● **What to produce**:
In the data below, find the line that contains "(2) 固溶處理可明顯改善 H13" and the line that contains "This research numerically". Copy both, plus every line between them, exactly.

● **Listed records**:
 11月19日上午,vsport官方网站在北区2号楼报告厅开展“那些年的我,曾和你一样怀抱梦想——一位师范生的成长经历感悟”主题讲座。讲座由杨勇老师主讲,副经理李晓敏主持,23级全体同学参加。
--
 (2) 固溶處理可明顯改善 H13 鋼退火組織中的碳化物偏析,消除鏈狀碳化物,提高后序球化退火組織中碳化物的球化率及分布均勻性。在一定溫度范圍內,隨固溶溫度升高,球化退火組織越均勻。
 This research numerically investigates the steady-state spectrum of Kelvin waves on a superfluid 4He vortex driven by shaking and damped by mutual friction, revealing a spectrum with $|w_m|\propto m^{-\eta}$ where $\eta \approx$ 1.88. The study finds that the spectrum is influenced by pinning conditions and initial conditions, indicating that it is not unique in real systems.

● **Output for this task**:
 (2) 固溶處理可明顯改善 H13 鋼退火組織中的碳化物偏析,消除鏈狀碳化物,提高后序球化退火組織中碳化物的球化率及分布均勻性。在一定溫度范圍內,隨固溶溫度升高,球化退火組織越均勻。
 This research numerically investigates the steady-state spectrum of Kelvin waves on a superfluid 4He vortex driven by shaking and damped by mutual friction, revealing a spectrum with $|w_m|\propto m^{-\eta}$ where $\eta \approx$ 1.88. The study finds that the spectrum is influenced by pinning conditions and initial conditions, indicating that it is not unique in real systems.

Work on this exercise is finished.